The HT’s Patranobis makes a very succinct observation of what is actually taking place, away from the deafening noise of TN politics. What’s turning out to be more serious is the frequency with which Indian fishermen were intruding in Lankan waters, impacting the livelihood of some 22,000 families (around 80,000 people) in Jaffna who depend on fishing.

“They have destroyed the fishing habitat in their waters by bottom trawling (sweeping the seabed) and now want to fish in our waters. It is not acceptable,” Jaffna-based S Thavaratnam heading an association of 117 fishermen’s’ union, said. On Monday, fishermen wearing black bands held a silent protest in front of the Indian Consul General’s office there (Jaffna).

Humanitarian point of view

“Questions were being raised about the timing of the increased incidence of incursion; suspiciously close to the Tamil Nadu assembly elections. Attacks on or arrest of Indian fishermen could indeed a whip up a pre-electoral frenzy along coastal constituencies, leading to more incursions and incidents. But that could only help Sri Lanka’s new powerful patron, who has no such bilateral issue to tackle, to tighten its net of influence on Colombo,” he states, with a note of thinly veiled caution to the Centre.

Accepting the reality of ‘Coalition Dharma’ as Prime Minister Manmohan Singh admitted last week, India’s External Affairs Minister SM Krishna, while performing the required role of supporting the political antics of coalition ally DMK in TN, he had an important observation to make to the Rajya Sabha last Wednesday (23).

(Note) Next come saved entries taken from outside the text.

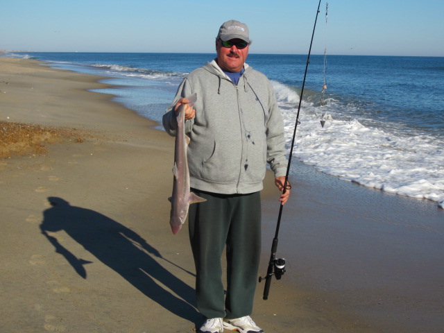 I took my eight foot surf rod with a standard two hook bottom rig and one ounce sinker. The bait of choice was cut fish chunks. It didn’t take long for the “dogfish” or sand sharks to find my line.
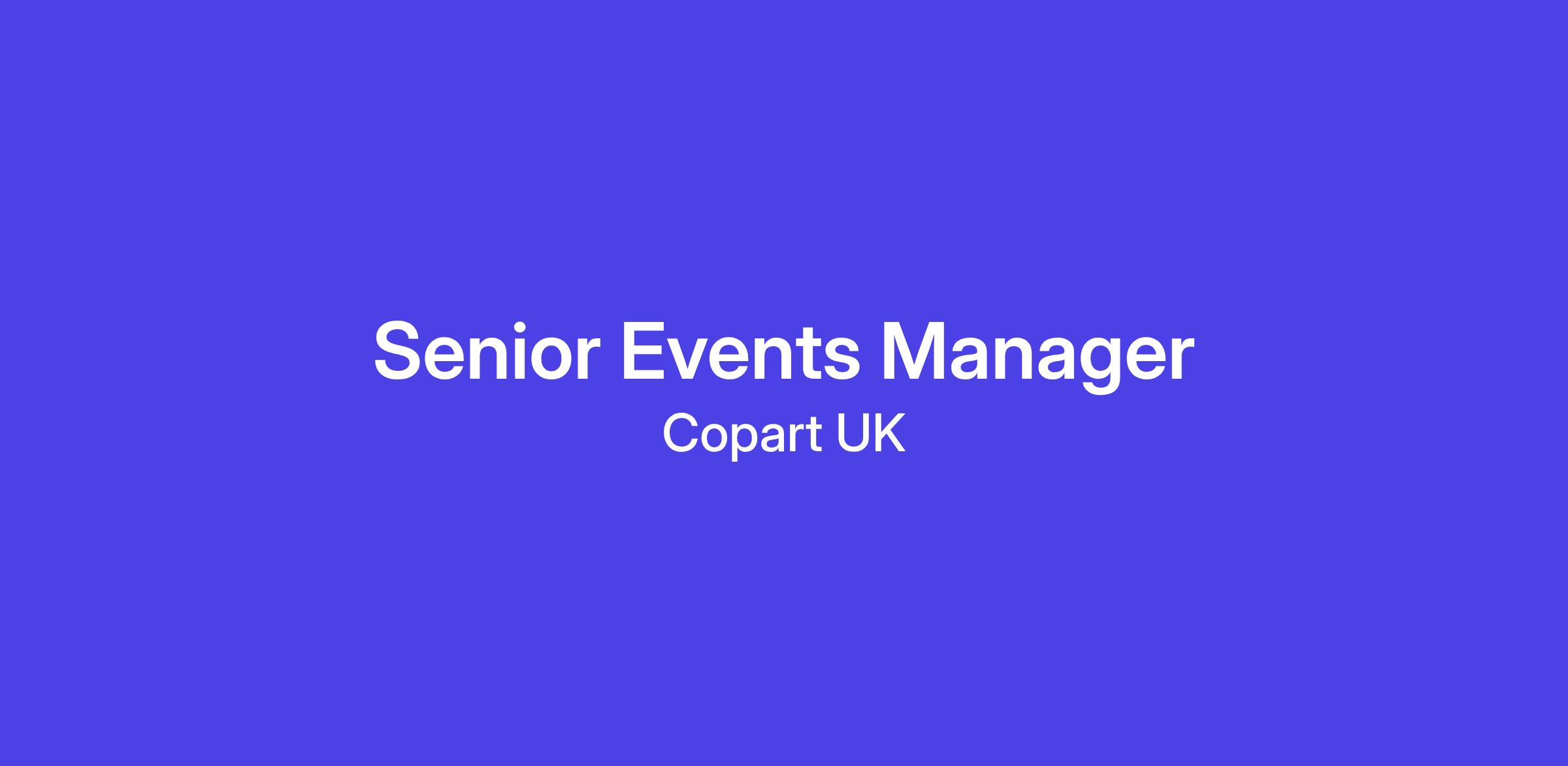 Copart UK is seeking an experienced and highly capable Senior Events Manager to lead our end-to-end events, hospitality and sponsorship programme.
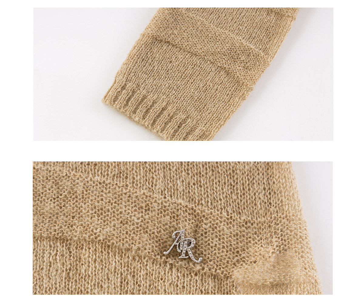 Ariseism美式复古高级感一字肩长袖针织衫女春季新款内搭打底上衣
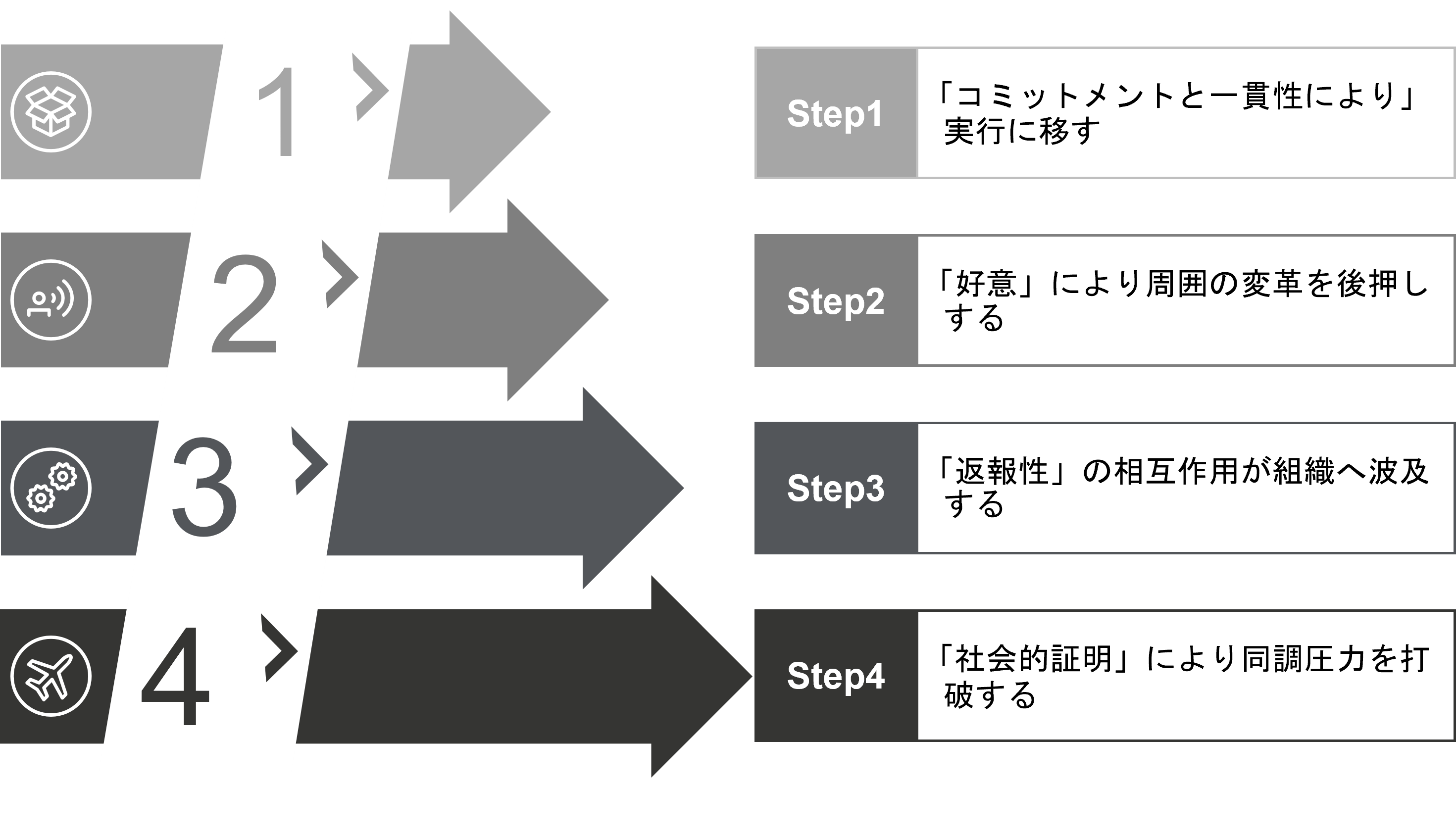 上記の解説はやや概念的になりますが、自己から組織へ徐々に影響力が及ぶことを示唆しています。注意しなければならないのは、「影響力」はマイナスにも働き得るという点です。誰も行動を実行に移さなければ、「好意」も「返報性」も作用しないばかりか、“行動しない”ということに対して「社会的証明」が働いてしまい、同調圧力に飲まれ、組織風土は元の状態に回帰してしまいます。
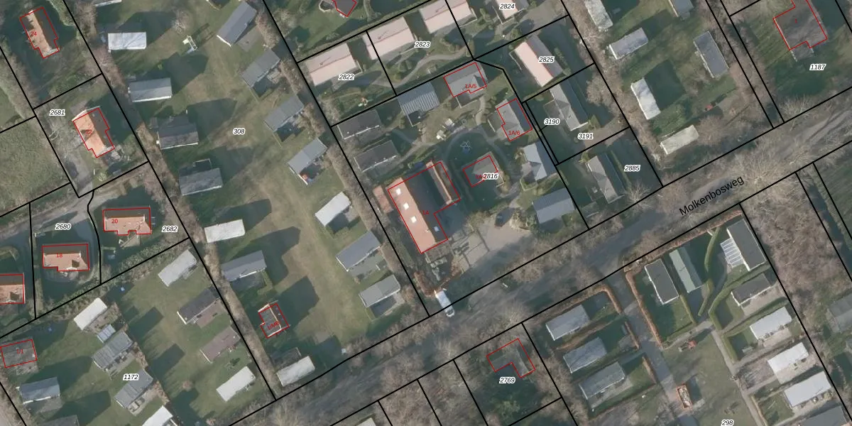 Het perceel waarop Molkenbosweg 1-A staat heeft een oppervlakte van 2065 m². Dit is een zeer groot perceel. De perceeloppervlakte wordt geregistreerd door het Kadaster. Gedetailleerde informatie over de maten van dit perceel kunt u vinden in het rapport Kadastrale kaart met maatvoering van Molkenbosweg 1-A.
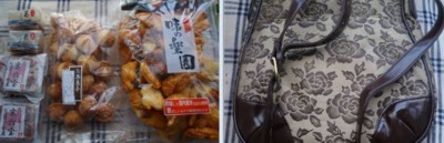 私からはそのお家ご飯に?カバンと母の大好きな おかきなど~
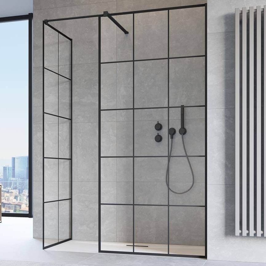 Душевое ограждение Radaway Modo X Black III Factory 1100х700х2000 мм. Цвет профиля – черный, цвет стекла – прозрачное с черной решеткой из керамической краски, 10 мм. В комплект входит 2 перегородки с держателем и промежуточный кронштейн.
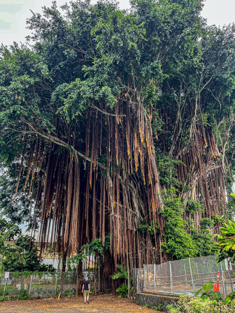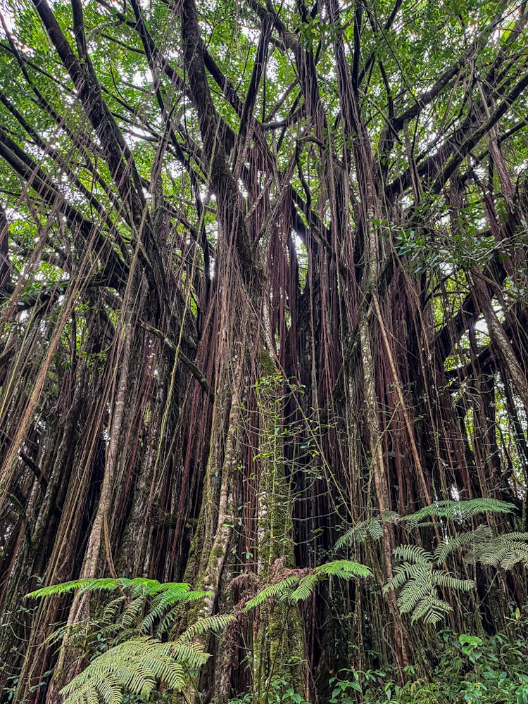 Turning inland to visit ‘Akaka Falls State Park, only $6 entry fee each. Walking down through tropical green, super tall stands of bamboo, massive spooky Banyan trees…then up a bunch of steps to vista points overlooking first Kahuna Falls in the distance and much closer, ‘Akaka Falls dropping 442 feet in to a gorge. Met a couple living in Seattle with their two young boys. One asked Dave which football team he supported…on replying “Spurs” the youngest kid replied “sorry”.
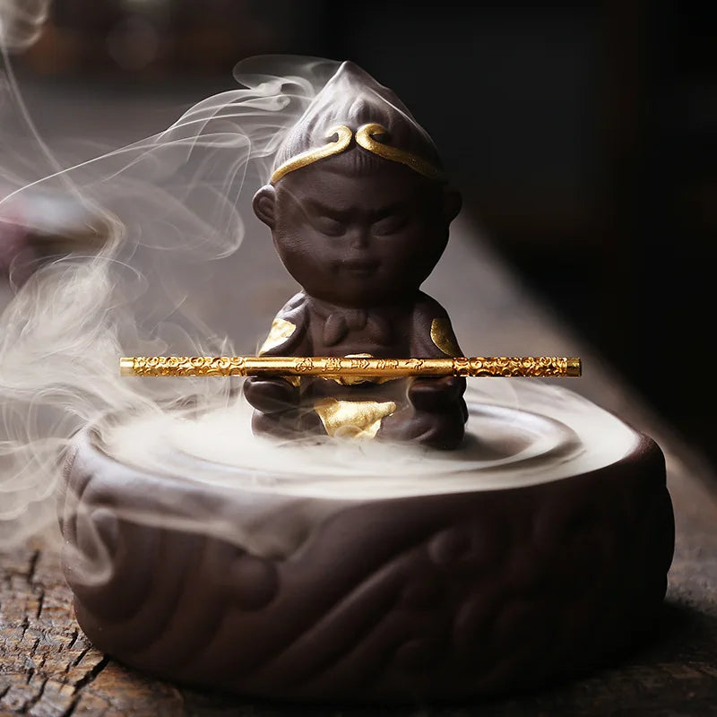 Experience tranquility with the Black Myth: Wukong Serenity Incense Burner. Inspired by the legendary Monkey King, this beautifully crafted incense burner provides the perfect centerpiece for relaxation or meditation. As the incense smoke cascades down in a calming waterfall effect, it fills the room with peaceful aromas while creating a mesmerizing visual display.
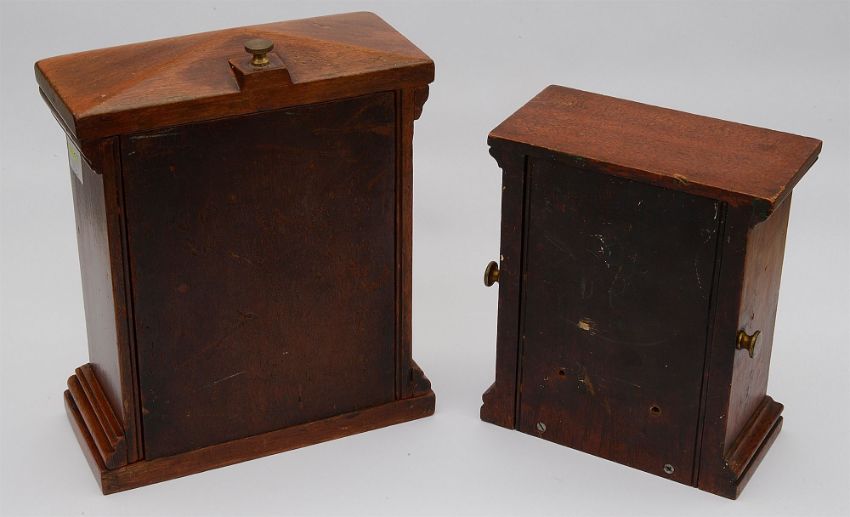 the first single dial with pedimented case and applied plaque stamped 'UP LINE', the second with single dial brass plaque stamped 'UP LINE', (2)

In a good admission of reality, Krishna said: “I would also like to point out to this August House that almost all instances of arrests and harassment to our fishermen seems to have occurred in Sri Lankan waters, when our fishermen stray across the International Maritime Boundary Line (IMBL). While this by itself does not provide any justification for use of force against our fishermen, we need to be conscious of the sensitivities on the Sri Lankan side and of the many Sri Lankan fishermen who have, after a long hiatus, started fishing in that area.

“Both our countries have agreed that the Joint Working Group on Fisheries will meet in March this year. We would also encourage the fishing associations of both countries to continue with their informal contacts since such contacts have proved to be mutually beneficial. I hope that, in the days to come, our countries move forward to ensure that our fishermen can fish with safety and security.”

Palk Strait

He was echoing what President Mahinda Rajapaksa told the editors last Tuesday, that this is an issue to be considered from a humanitarian point of view, keeping in mind the interests of the fishermen from both sides, as well as the overall interests of each country.

There have been welcome signs from the fishermen across the Palk Strait who have announced a decision not to cross the IMBL and also some good thinking by Indian officialdom to provide them with equipment such as mobile phones to give warning signals when crossing the IMBL and several means of demarcating the boundary.

There is also an important note of warning to politicians, including newcomer Vijay, who seek to ride to office on the backs of the TN fishermen. Having been used by the politicians for very long, the TN fishermen have now realized their own political clout.

There are strong moves by organizations of fishermen to field candidates in the coastal areas of Tamil Nadu. The possibility of being challenged by candidates who know the true needs of fishermen has already begin to send shivers down the spines of many who seek to use Sri Lanka as a stepping stone to political office and power.